*** Opening Provided material ***

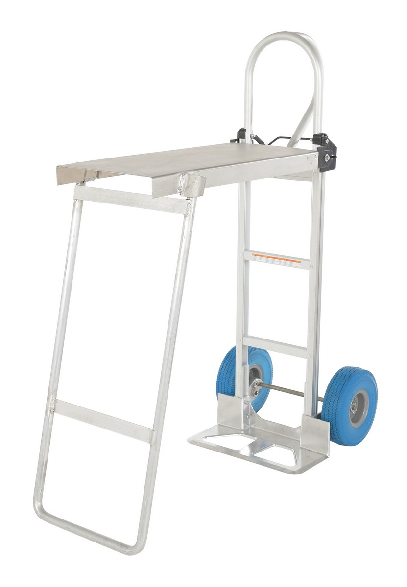 Aluminum P Handle Hand Truck with Folding Down Platform Blue Urethane Solid Foam 48 In. x 20-13/16 In. x 50-3/4 In. 500 Lb. Capacity SilverThis lightweight aluminum hand truck features an integral work bench. Work bench conveniently folds flat for storage. Now a sturdy work bench can be moved to where it is needed most. Provides for a more comfortable and ergonomically correct work position. P-handle design allows for easy maneuverability.
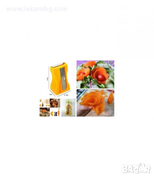 Острилка за моркови, краставици и всякакви твърди плодове и зеленчуци. Практичен уред за декорации на зеленчуци и плодове, за декориране на салати и ястия. С острилката може да режете зеленчуците на жулиени или спирали. Кухненски помощник за изрязване на различни формички от зеленчуци или плодове.
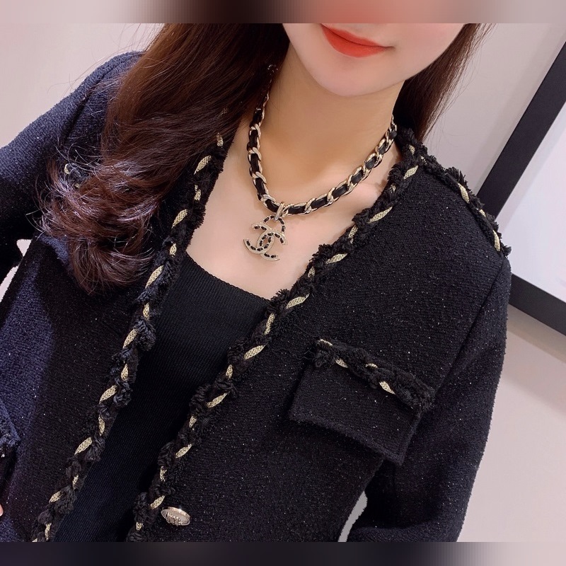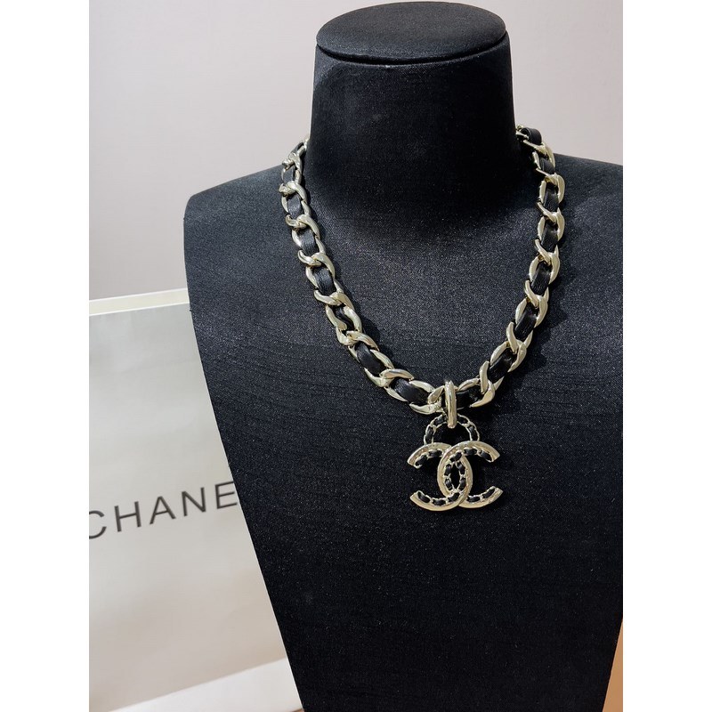 CHANEL-kaulakoru musta nahkainen punk-tyttötyyli

*** Closing Provided material ***

• Task requirements
Set down exactly, from the line that contains "Острилка за моркови, краставици" through the last line of the data, each line as it stands, and leave the pictures out.

• Response for this exercise
 Острилка за моркови, краставици и всякакви твърди плодове и зеленчуци. Практичен уред за декорации на зеленчуци и плодове, за декориране на салати и ястия. С острилката може да режете зеленчуците на жулиени или спирали. Кухненски помощник за изрязване на различни формички от зеленчуци или плодове.
 CHANEL-kaulakoru musta nahkainen punk-tyttötyyli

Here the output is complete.